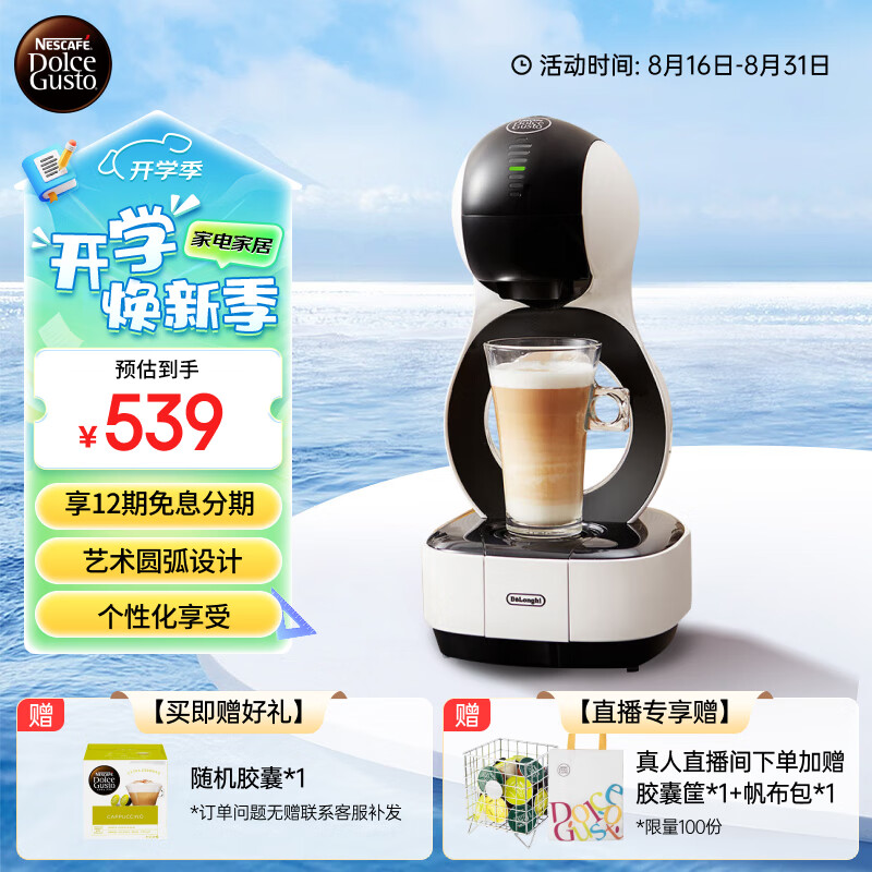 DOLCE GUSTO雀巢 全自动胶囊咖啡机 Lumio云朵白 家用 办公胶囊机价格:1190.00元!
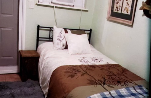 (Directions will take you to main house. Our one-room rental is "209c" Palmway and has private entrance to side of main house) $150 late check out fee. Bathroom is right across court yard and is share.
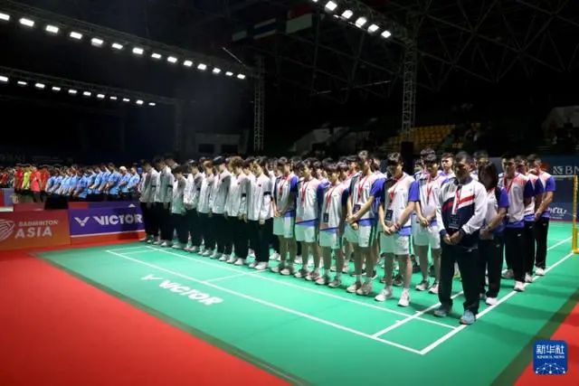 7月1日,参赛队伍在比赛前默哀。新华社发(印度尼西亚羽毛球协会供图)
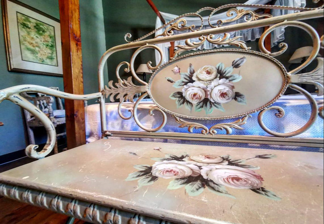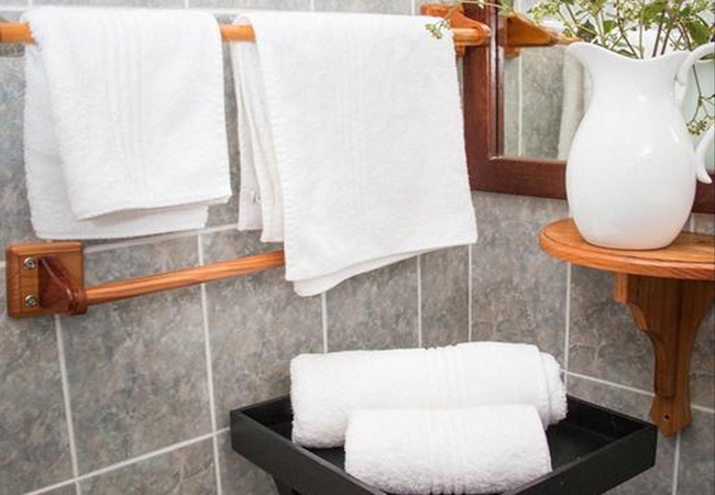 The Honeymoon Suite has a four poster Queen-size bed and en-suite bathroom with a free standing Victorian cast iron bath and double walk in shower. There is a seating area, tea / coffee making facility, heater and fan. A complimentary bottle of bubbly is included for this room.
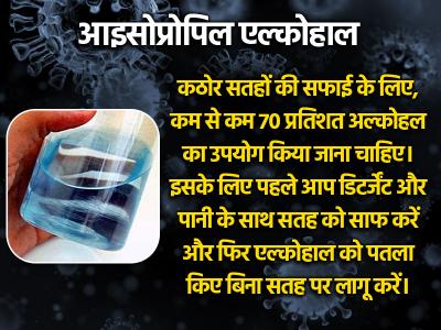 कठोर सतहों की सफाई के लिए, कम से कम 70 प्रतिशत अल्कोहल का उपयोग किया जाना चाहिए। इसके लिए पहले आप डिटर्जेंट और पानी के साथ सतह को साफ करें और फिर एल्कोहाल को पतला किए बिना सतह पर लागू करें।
***
### What to work on
Copy out the preceding entries without a single change, leaving out the pictures.

### Task output
 DOLCE GUSTO雀巢 全自动胶囊咖啡机 Lumio云朵白 家用 办公胶囊机价格:1190.00元!
 (Directions will take you to main house. Our one-room rental is "209c" Palmway and has private entrance to side of main house) $150 late check out fee. Bathroom is right across court yard and is share.
 7月1日,参赛队伍在比赛前默哀。新华社发(印度尼西亚羽毛球协会供图)
 The Honeymoon Suite has a four poster Queen-size bed and en-suite bathroom with a free standing Victorian cast iron bath and double walk in shower. There is a seating area, tea / coffee making facility, heater and fan. A complimentary bottle of bubbly is included for this room.
 कठोर सतहों की सफाई के लिए, कम से कम 70 प्रतिशत अल्कोहल का उपयोग किया जाना चाहिए। इसके लिए पहले आप डिटर्जेंट और पानी के साथ सतह को साफ करें और फिर एल्कोहाल को पतला किए बिना सतह पर लागू करें।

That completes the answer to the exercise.